## Exercise requirements
Below are records; the lines starting at the one with "Old Sulfur Spring Rest Stop" and ending at the one with "Photograph of St." must be reproduced exactly, both included. Pictures must not appear.

## Exercise data
########################################

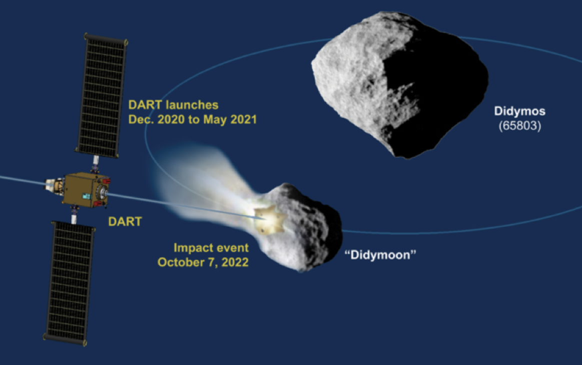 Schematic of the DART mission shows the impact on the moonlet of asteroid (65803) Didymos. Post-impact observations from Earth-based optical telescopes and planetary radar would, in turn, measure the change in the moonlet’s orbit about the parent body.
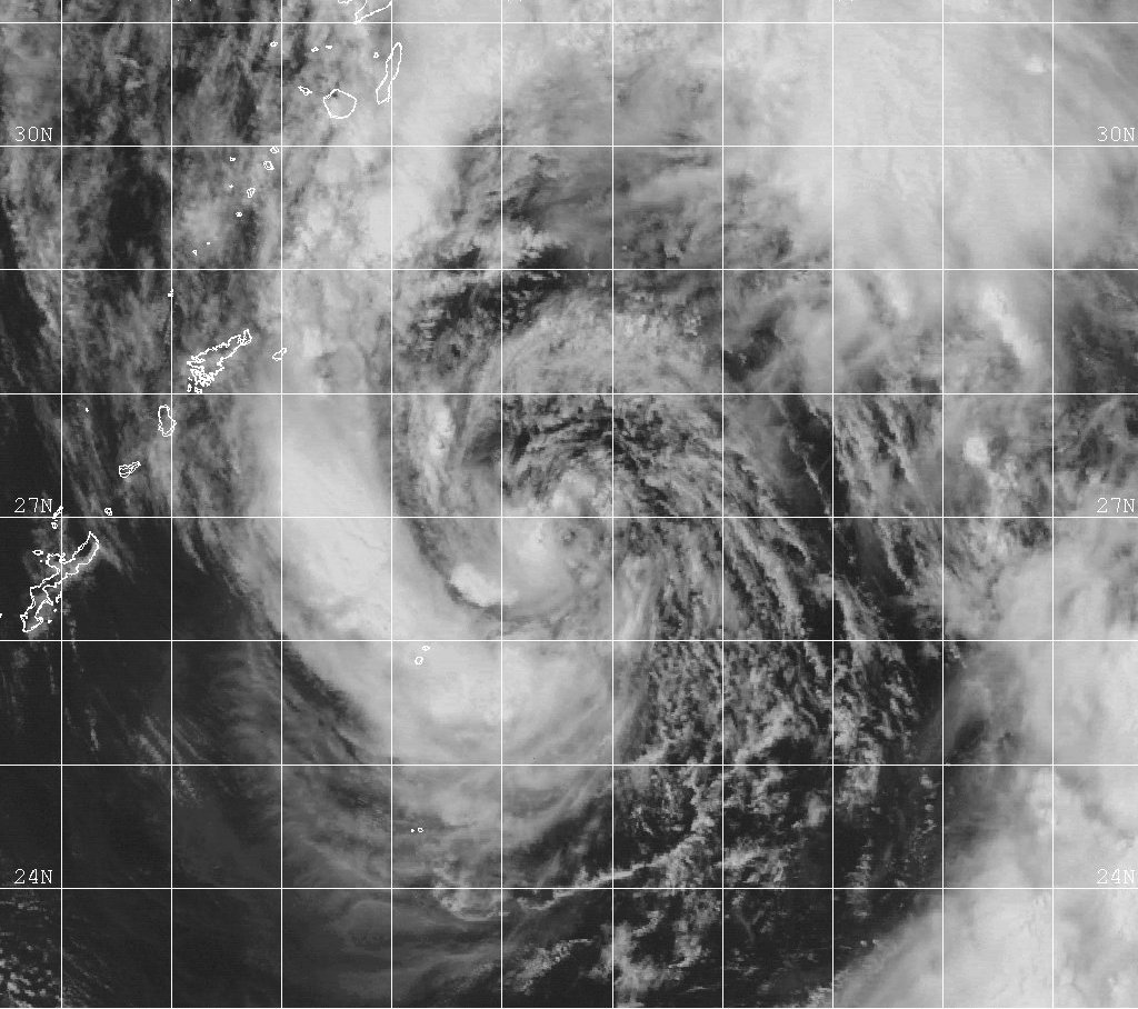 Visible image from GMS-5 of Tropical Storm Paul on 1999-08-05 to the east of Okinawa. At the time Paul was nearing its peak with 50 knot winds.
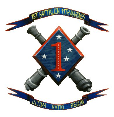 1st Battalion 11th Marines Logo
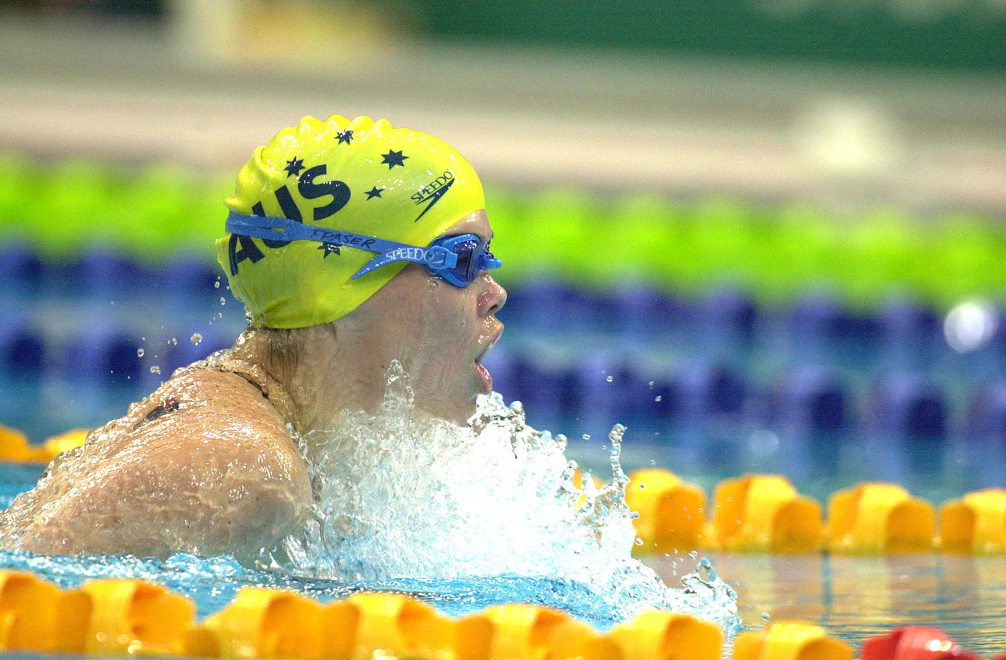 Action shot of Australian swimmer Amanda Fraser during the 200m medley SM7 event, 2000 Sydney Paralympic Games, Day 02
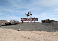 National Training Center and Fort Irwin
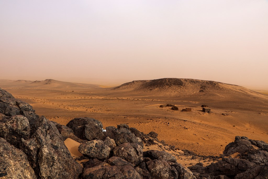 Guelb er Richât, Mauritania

########################################

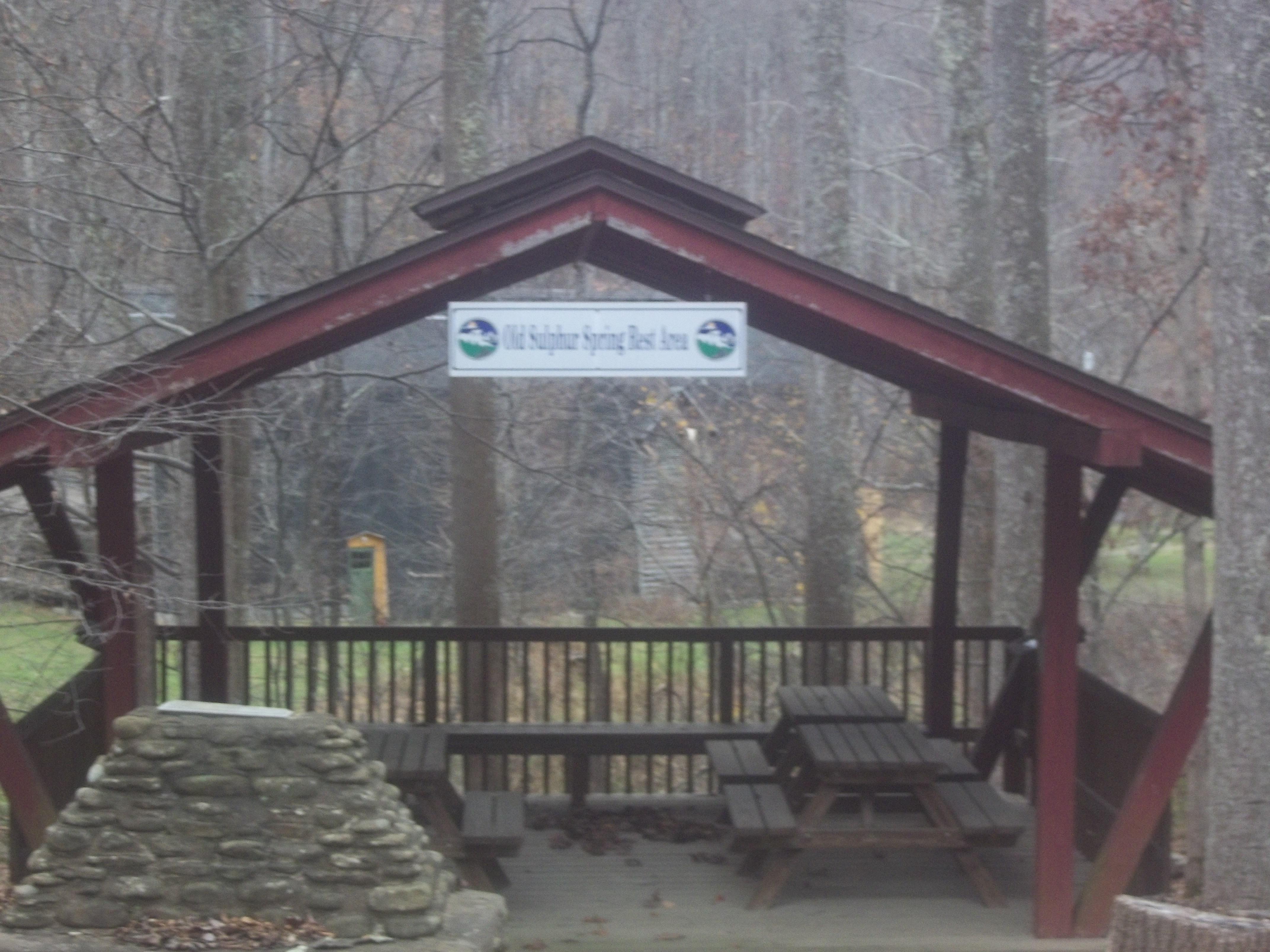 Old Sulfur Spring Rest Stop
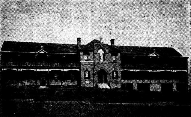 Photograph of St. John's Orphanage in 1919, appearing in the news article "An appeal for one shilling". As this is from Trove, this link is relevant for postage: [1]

########################################

## Exercise answer
 Old Sulfur Spring Rest Stop
 Photograph of St. John's Orphanage in 1919, appearing in the news article "An appeal for one shilling". As this is from Trove, this link is relevant for postage: [1]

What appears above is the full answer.